-------- Listed entries --------

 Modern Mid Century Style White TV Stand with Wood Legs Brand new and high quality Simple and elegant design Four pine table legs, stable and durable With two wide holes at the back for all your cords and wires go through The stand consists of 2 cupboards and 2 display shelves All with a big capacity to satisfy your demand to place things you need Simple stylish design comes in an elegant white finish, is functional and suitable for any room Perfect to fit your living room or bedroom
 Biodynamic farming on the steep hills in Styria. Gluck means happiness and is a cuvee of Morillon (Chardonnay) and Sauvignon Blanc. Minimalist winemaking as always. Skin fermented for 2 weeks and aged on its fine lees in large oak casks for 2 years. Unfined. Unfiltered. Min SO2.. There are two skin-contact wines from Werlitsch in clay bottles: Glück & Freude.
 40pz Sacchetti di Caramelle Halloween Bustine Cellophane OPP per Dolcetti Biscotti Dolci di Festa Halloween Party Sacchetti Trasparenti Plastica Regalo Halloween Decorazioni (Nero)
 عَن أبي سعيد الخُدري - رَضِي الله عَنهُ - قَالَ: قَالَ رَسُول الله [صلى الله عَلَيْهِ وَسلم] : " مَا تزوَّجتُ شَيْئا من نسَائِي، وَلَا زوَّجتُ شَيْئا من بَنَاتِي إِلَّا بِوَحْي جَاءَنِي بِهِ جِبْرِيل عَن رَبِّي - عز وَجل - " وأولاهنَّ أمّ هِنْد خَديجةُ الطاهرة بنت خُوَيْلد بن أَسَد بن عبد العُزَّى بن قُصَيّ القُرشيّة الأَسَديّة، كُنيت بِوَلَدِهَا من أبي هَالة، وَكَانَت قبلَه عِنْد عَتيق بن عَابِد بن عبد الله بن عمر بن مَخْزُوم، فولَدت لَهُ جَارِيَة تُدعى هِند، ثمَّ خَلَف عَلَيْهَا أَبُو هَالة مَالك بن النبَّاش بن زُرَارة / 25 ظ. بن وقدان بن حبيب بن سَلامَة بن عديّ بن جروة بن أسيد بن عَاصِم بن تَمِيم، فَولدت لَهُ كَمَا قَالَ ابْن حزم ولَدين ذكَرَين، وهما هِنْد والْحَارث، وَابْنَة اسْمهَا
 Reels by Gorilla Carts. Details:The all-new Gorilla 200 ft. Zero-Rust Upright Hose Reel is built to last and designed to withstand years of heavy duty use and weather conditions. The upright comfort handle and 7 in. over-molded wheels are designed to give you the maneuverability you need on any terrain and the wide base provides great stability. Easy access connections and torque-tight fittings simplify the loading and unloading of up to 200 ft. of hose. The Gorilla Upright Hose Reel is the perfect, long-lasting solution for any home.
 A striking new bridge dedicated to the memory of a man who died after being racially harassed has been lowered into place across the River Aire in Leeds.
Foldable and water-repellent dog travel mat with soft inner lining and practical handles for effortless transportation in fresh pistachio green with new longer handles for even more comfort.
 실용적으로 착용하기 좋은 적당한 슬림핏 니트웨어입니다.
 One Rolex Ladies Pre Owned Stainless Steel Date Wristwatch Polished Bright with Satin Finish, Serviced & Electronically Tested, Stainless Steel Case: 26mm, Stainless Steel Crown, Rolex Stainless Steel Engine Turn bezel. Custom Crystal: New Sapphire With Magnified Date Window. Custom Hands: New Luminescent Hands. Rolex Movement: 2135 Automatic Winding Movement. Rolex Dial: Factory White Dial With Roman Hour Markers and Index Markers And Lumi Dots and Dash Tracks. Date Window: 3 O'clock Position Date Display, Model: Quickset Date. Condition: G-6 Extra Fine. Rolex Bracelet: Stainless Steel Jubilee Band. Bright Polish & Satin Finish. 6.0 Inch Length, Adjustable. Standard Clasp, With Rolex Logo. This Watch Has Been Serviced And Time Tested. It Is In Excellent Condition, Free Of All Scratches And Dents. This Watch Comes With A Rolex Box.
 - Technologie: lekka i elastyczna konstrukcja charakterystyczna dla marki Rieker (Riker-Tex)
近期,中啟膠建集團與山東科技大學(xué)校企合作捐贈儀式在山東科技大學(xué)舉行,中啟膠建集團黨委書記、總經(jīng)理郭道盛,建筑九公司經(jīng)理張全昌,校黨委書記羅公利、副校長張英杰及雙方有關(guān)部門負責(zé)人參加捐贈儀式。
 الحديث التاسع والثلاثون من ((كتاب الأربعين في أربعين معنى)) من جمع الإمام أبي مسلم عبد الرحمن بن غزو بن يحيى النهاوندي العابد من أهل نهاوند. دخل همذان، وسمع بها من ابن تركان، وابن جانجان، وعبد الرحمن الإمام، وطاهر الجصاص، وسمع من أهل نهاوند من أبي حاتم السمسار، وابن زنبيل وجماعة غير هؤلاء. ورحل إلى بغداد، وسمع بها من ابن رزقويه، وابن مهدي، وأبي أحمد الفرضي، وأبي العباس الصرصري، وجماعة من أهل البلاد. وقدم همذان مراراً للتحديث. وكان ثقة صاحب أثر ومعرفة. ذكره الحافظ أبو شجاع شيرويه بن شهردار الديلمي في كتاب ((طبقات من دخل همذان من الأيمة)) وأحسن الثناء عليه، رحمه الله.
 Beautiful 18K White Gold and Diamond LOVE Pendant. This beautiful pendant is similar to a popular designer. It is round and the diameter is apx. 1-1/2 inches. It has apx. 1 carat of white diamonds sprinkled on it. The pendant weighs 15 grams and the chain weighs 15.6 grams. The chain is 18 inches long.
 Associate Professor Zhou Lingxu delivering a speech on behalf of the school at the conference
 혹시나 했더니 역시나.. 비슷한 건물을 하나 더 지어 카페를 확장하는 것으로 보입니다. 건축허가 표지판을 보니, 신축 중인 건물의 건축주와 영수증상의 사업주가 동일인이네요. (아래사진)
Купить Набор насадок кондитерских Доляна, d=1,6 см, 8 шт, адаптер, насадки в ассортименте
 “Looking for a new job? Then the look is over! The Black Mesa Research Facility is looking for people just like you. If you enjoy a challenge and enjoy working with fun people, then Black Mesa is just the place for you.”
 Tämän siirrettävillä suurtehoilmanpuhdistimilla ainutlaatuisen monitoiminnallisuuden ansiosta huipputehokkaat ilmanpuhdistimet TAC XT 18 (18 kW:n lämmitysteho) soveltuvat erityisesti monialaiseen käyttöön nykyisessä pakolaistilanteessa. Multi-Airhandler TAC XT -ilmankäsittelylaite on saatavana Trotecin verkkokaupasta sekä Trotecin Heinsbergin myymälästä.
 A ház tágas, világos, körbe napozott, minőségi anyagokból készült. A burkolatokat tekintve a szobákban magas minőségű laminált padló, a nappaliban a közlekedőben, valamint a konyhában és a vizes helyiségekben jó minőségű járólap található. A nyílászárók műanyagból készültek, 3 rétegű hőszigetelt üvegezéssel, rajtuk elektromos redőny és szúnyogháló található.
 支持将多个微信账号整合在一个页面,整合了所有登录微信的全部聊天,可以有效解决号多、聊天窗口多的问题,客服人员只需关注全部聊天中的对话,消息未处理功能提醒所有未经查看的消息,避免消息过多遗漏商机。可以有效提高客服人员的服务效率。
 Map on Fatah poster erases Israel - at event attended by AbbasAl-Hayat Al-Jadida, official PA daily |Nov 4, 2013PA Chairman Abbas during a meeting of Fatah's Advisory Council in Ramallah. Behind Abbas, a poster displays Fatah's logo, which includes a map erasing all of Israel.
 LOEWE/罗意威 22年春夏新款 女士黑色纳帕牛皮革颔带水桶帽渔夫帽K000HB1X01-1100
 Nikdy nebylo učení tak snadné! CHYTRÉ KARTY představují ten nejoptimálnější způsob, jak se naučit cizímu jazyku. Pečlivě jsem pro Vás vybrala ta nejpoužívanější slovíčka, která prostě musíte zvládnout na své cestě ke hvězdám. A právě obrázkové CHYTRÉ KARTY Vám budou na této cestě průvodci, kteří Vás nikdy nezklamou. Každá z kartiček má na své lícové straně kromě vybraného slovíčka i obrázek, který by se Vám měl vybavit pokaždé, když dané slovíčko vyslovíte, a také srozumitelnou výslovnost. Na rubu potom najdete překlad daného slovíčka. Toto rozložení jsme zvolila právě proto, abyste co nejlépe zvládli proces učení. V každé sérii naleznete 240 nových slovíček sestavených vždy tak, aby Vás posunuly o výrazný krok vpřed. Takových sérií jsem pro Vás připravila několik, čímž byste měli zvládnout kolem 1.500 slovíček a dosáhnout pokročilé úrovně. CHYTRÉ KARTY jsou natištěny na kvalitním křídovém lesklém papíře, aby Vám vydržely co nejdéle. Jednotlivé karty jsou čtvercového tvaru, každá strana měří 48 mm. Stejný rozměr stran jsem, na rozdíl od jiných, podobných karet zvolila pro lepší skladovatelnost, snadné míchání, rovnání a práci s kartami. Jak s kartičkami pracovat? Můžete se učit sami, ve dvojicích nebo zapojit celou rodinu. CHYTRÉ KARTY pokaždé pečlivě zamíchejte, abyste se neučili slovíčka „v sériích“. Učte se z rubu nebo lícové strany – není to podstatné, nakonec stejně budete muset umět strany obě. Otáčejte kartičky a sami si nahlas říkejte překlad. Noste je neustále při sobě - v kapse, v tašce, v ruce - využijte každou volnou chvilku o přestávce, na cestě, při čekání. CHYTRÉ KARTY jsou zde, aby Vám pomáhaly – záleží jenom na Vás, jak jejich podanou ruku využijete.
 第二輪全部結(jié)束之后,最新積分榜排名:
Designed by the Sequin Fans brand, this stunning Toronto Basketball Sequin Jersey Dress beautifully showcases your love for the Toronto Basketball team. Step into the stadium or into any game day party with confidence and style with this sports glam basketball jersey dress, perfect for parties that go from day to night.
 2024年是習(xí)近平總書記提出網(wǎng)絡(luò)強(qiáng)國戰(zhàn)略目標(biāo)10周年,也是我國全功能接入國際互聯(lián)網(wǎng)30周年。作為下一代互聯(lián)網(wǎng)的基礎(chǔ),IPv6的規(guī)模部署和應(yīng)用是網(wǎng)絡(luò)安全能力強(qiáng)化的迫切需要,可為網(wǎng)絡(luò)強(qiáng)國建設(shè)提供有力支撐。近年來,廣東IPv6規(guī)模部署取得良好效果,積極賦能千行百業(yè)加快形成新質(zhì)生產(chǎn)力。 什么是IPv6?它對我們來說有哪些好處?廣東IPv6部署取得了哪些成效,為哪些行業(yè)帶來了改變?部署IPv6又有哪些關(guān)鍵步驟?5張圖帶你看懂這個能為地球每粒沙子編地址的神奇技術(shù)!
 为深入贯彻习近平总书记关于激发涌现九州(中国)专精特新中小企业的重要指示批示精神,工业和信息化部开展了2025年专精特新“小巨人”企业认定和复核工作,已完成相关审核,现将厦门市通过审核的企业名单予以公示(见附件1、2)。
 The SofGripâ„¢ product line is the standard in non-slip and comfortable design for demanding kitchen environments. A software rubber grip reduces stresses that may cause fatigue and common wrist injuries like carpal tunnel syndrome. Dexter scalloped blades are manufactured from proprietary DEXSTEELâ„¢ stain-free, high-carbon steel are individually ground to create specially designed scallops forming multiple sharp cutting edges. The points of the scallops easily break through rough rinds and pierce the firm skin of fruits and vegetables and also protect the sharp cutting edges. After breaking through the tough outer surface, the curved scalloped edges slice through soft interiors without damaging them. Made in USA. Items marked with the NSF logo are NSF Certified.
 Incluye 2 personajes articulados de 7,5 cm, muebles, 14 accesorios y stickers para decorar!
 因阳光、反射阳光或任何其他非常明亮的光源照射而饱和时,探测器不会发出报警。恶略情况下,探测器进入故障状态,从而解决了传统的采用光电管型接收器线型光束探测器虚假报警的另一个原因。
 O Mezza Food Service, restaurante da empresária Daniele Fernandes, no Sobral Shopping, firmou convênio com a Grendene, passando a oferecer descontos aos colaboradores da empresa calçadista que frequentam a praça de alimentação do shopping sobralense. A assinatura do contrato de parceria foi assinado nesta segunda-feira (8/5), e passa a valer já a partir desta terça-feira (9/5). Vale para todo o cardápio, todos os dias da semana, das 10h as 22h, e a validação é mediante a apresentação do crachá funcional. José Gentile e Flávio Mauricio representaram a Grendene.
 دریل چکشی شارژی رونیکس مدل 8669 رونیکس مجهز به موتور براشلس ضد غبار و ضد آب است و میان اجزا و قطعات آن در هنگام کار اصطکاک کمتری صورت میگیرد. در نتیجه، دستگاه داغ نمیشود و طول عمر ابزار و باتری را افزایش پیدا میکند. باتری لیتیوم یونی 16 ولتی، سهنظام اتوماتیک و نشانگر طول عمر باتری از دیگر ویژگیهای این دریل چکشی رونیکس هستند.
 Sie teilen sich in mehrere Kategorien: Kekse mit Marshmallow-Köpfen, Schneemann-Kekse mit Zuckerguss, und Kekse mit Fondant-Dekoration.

--------

Copy verbatim, from the listing above, each line from the one containing "Foldable and water-repellent" down to the one containing "실용적으로 착용하기 좋은 적당한 슬림핏 니트웨어입니다.", inclusive.

Answer to this exercise ->
Foldable and water-repellent dog travel mat with soft inner lining and practical handles for effortless transportation in fresh pistachio green with new longer handles for even more comfort.
 실용적으로 착용하기 좋은 적당한 슬림핏 니트웨어입니다.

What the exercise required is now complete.